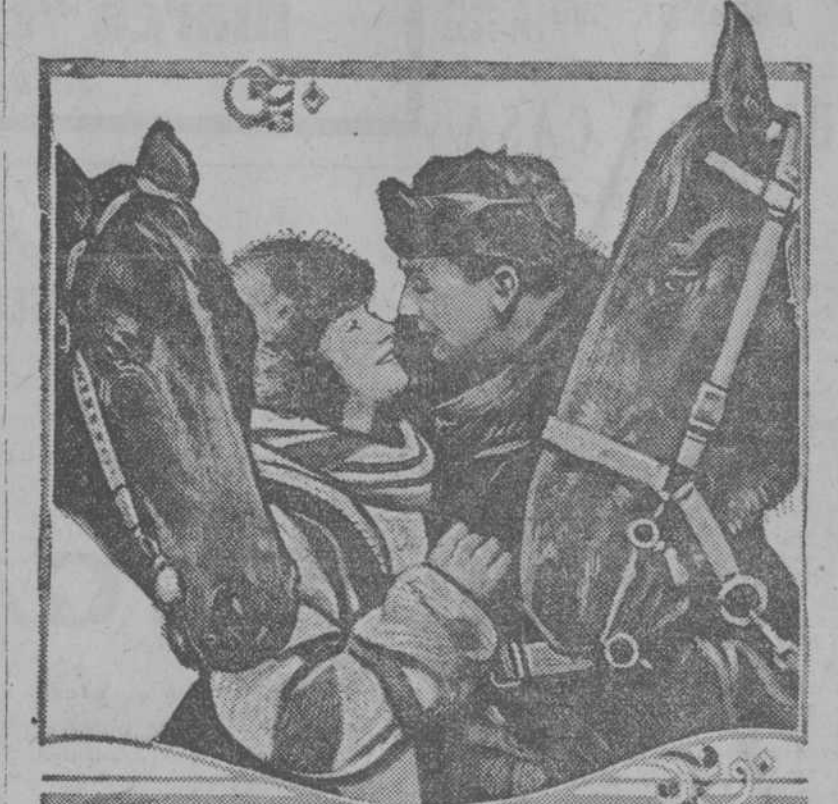
La bellísima actriz Betty Compson y el eminente actor Tom Moore en una escena de la interesante película "Over de Border" de la Paramount, basada en una historia de amor y aventura que tiene por campo de acción la nevada frontera canadiense.

Otros malvados de la pantalla no reciben semejantes insultos.— Cuando mi amigo Lon Chaney entra en lugar público, la gente lo mira con respeto. "Mira a Lon
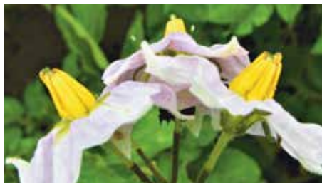
Fátyolkatojások a burgonyavirágon
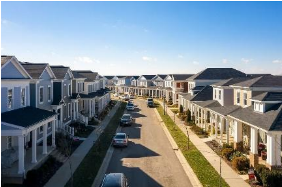
Fig. 3. Illustration of Left Urbanism.
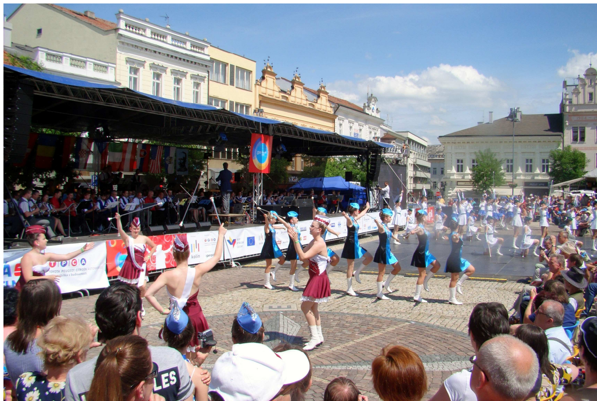
Nedělní monstrkoncert na Karlově náměstí

Rok 2013 se v Kolíně nesl v duchu jubilejního 50. ročníku festivalu dechových hudeb Kmochův Kolín. Svým rozsahem letošní ročník konaný ve dnech 13. až 16. června výjimečnost tohoto jubilea bezpochyby naplňoval.
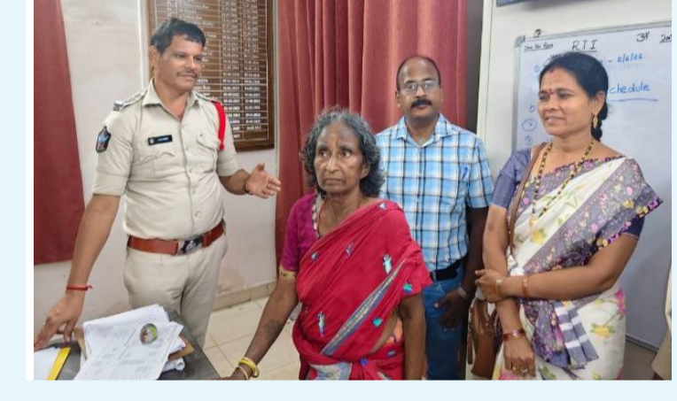
తప్పిపోయిన వృద్ధులారిని కుటుంబానికి చేర్చే పోలీసుల మానవతా సేవ. సత్కర స్పందనతో వృద్ధులారికి సహాయం చేసిన గోపాలపట్నం సీబి
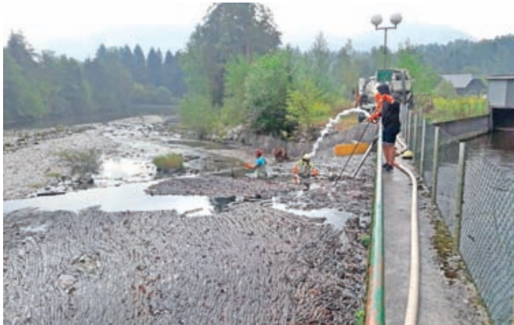
Sedemdeset kubičnih metrov materiala so pomagali odstraniti gasilci iz PGD Lancovo.

Na Bledu so sicer še pojasnili, da je okoljska inšpekcija že avgusta lani in februarja letos prejela prijavo glede neurejenega javnega kanalizacijskega omrežja za odvajanje komunalne in padavinske odpadne vode v občini Bled, a v rednih inšpekcijskih pregledih ni ugotovila čezmerne obremenitve okolja. Čistilna naprava deluje skladno s predpisi s področja okolja, izpadov v delovanju ni, ugotavljajo. So pa še navedli, da imajo v blejski občini kanalizacijski sistem, ki je delno tudi mešanega tipa. V kanalizacijski sistem zato pritečejo tudi zaledne oziroma izvirne vode in tako prihaja občasno do preobremenitev.
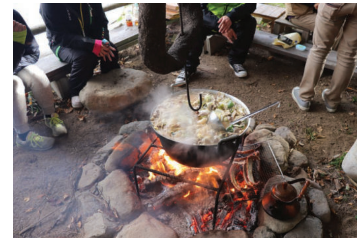
～ 最後は特製猪鍋を食べつつ交流会 ～

捕った鹿の解体も見学・体験することができます。捕ってすぐに血抜きや内臓を取らないと、肉が獣臭くなるそうです。適切な処理をきちんとすれば、鹿も美味しい肉になることが分かりました。皮を剥ぎ、内臓を取り出す時は、目を背けたくりますが、こいう作業を通して肉になったものを食べ、自分の命になっていることを実感できました。
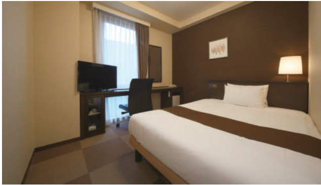
SINGLE ROOM シングルルーム 93室
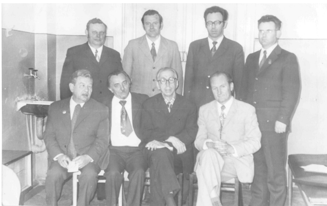
Руководители симпозиума по межвитаминам отношениям (1975)
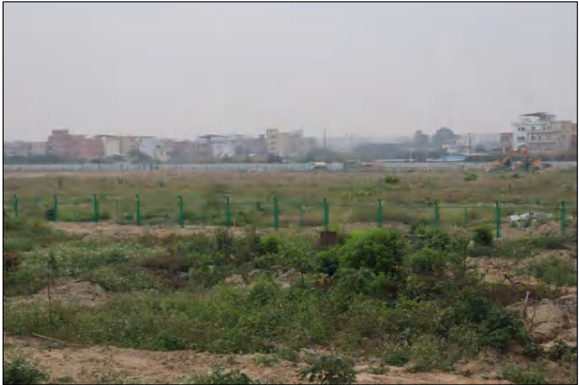
图 20 地块内部现状（东-西）
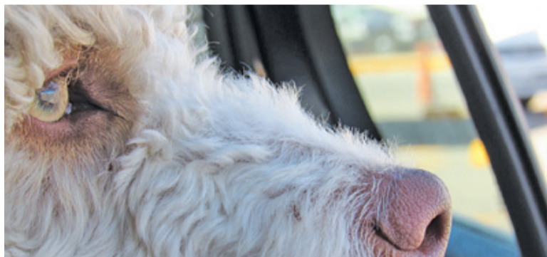
W zamkniętym samochodzie podczas upału jest kilkadziesiąt stopni Celsjusza

Najpierw dziecko się poci, ale siedzi spokojnie. Na parkingu do auta podchodzą ludzie, machają mu, próbują otwo-
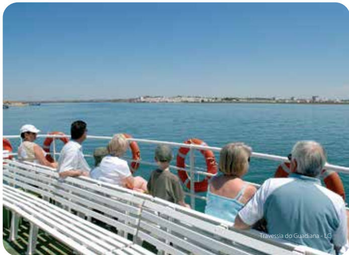
Travessia do Guadiana - LC

Correndo entre montes alegres pelas flores silvestres e pelo verde de sobreiros e pinheiros, o rio Guadiana faz, desde há séculos, a fronteira entre Portugal e Espanha. A partir de Vila Real de Santo António, barcos realizam, com regularidade, a subida turística do rio. Oportunidade para conhecer um Algarve diferente, admirando o casario branco de aldeias debruçadas sobre a água, com o milenário castelo de Alcoutim guardando o rio.
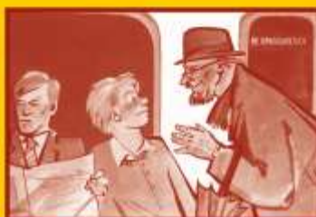
Ограничьте пребывание в местах скопления людей
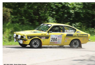
Ju. Pilon / Ja. Pilon
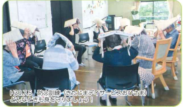
H30.7.5 防火訓練 (きたじまデイサービスおひさま) どんなときも身を守りましょう!
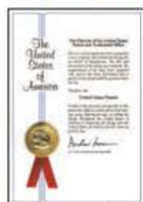
US patent Cert, syringe stopper

University of California, Berkeley USC School of Medicine UCLA-affiliated hospital 내과 전문의 과정 노인 내과 전문의 재생의학 전문의 한국 화이자 제약회사 의학부 부장 한국 의료법 학회 이사 한국 의사 면허 중국 베이징 의사 면허
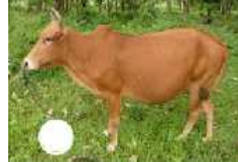
Cokelat warna sapi Bali
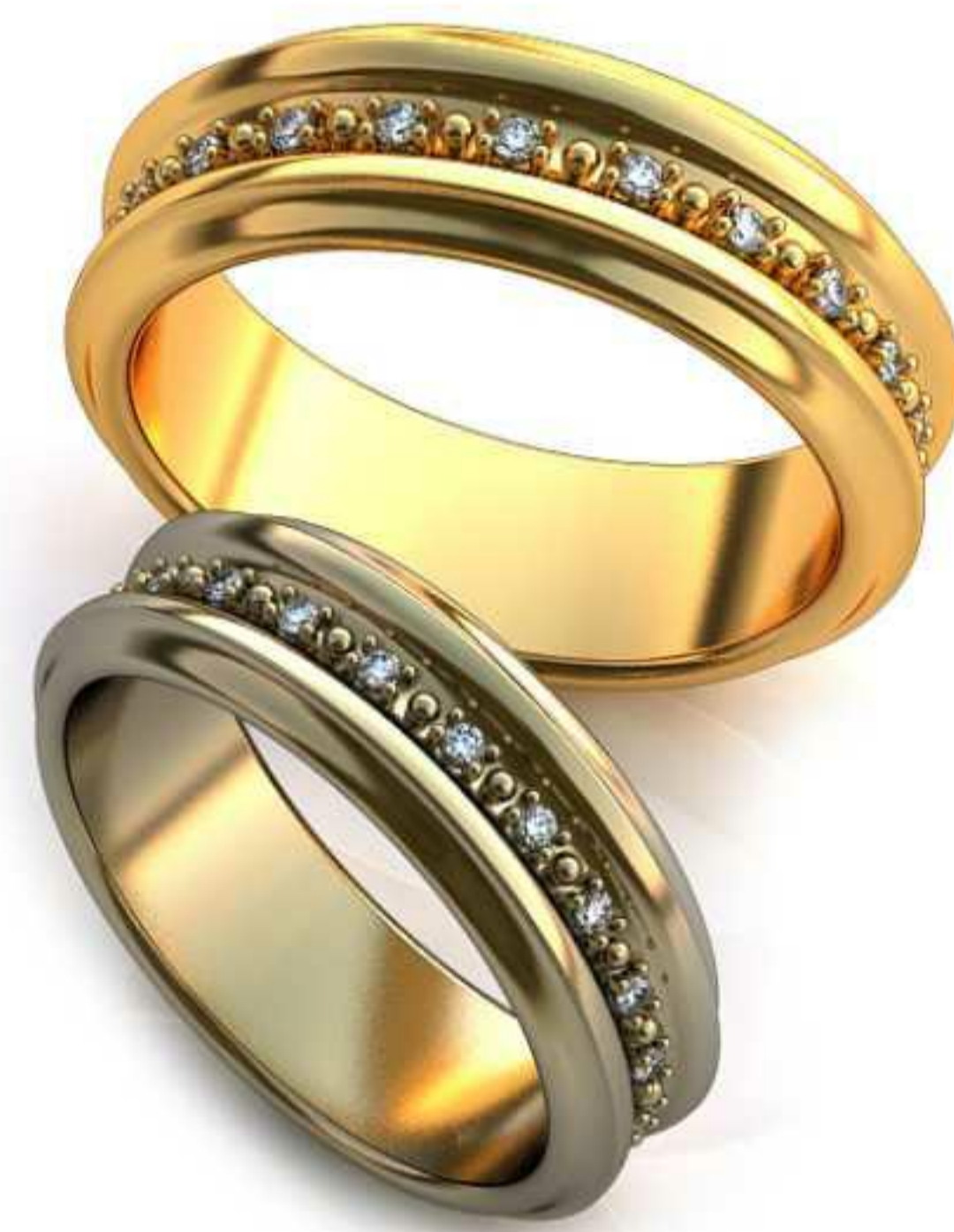
53ж/Р-19,0/Ш-7/Т-2,0/Кр 1.3-21шт./Вес-8,8 53м/Р-21,5/Ш-7,7/Т-2,3/Кр 1.5-21шт./Вес-12,3
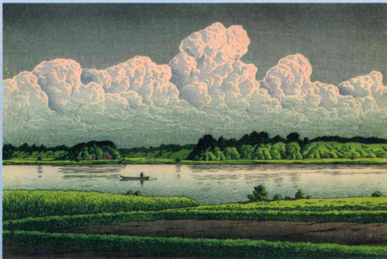
手賀沼 (木版画) 昭和5年

● WHAT THE TASK REQUIRES
The reply must hold every line above exactly as written and none of the pictures.

● FINISHED TASK
La bellísima actriz Betty Compson y el eminente actor Tom Moore en una escena de la interesante película "Over de Border" de la Paramount, basada en una historia de amor y aventura que tiene por campo de acción la nevada frontera canadiense.

Otros malvados de la pantalla no reciben semejantes insultos.— Cuando mi amigo Lon Chaney entra en lugar público, la gente lo mira con respeto. "Mira a Lon
Fátyolkatojások a burgonyavirágon
Fig. 3. Illustration of Left Urbanism.
Nedělní monstrkoncert na Karlově náměstí

Rok 2013 se v Kolíně nesl v duchu jubilejního 50. ročníku festivalu dechových hudeb Kmochův Kolín. Svým rozsahem letošní ročník konaný ve dnech 13. až 16. června výjimečnost tohoto jubilea bezpochyby naplňoval.
తప్పిపోయిన వృద్ధులారిని కుటుంబానికి చేర్చే పోలీసుల మానవతా సేవ. సత్కర స్పందనతో వృద్ధులారికి సహాయం చేసిన గోపాలపట్నం సీబి
Sedemdeset kubičnih metrov materiala so pomagali odstraniti gasilci iz PGD Lancovo.

Na Bledu so sicer še pojasnili, da je okoljska inšpekcija že avgusta lani in februarja letos prejela prijavo glede neurejenega javnega kanalizacijskega omrežja za odvajanje komunalne in padavinske odpadne vode v občini Bled, a v rednih inšpekcijskih pregledih ni ugotovila čezmerne obremenitve okolja. Čistilna naprava deluje skladno s predpisi s področja okolja, izpadov v delovanju ni, ugotavljajo. So pa še navedli, da imajo v blejski občini kanalizacijski sistem, ki je delno tudi mešanega tipa. V kanalizacijski sistem zato pritečejo tudi zaledne oziroma izvirne vode in tako prihaja občasno do preobremenitev.
～ 最後は特製猪鍋を食べつつ交流会 ～

捕った鹿の解体も見学・体験することができます。捕ってすぐに血抜きや内臓を取らないと、肉が獣臭くなるそうです。適切な処理をきちんとすれば、鹿も美味しい肉になることが分かりました。皮を剥ぎ、内臓を取り出す時は、目を背けたくりますが、こいう作業を通して肉になったものを食べ、自分の命になっていることを実感できました。
SINGLE ROOM シングルルーム 93室
Руководители симпозиума по межвитаминам отношениям (1975)
图 20 地块内部现状（东-西）
W zamkniętym samochodzie podczas upału jest kilkadziesiąt stopni Celsjusza

Najpierw dziecko się poci, ale siedzi spokojnie. Na parkingu do auta podchodzą ludzie, machają mu, próbują otwo-
Travessia do Guadiana - LC

Correndo entre montes alegres pelas flores silvestres e pelo verde de sobreiros e pinheiros, o rio Guadiana faz, desde há séculos, a fronteira entre Portugal e Espanha. A partir de Vila Real de Santo António, barcos realizam, com regularidade, a subida turística do rio. Oportunidade para conhecer um Algarve diferente, admirando o casario branco de aldeias debruçadas sobre a água, com o milenário castelo de Alcoutim guardando o rio.
Ограничьте пребывание в местах скопления людей
Ju. Pilon / Ja. Pilon
H30.7.5 防火訓練 (きたじまデイサービスおひさま) どんなときも身を守りましょう!
US patent Cert, syringe stopper

University of California, Berkeley USC School of Medicine UCLA-affiliated hospital 내과 전문의 과정 노인 내과 전문의 재생의학 전문의 한국 화이자 제약회사 의학부 부장 한국 의료법 학회 이사 한국 의사 면허 중국 베이징 의사 면허
Cokelat warna sapi Bali
53ж/Р-19,0/Ш-7/Т-2,0/Кр 1.3-21шт./Вес-8,8 53м/Р-21,5/Ш-7,7/Т-2,3/Кр 1.5-21шт./Вес-12,3
手賀沼 (木版画) 昭和5年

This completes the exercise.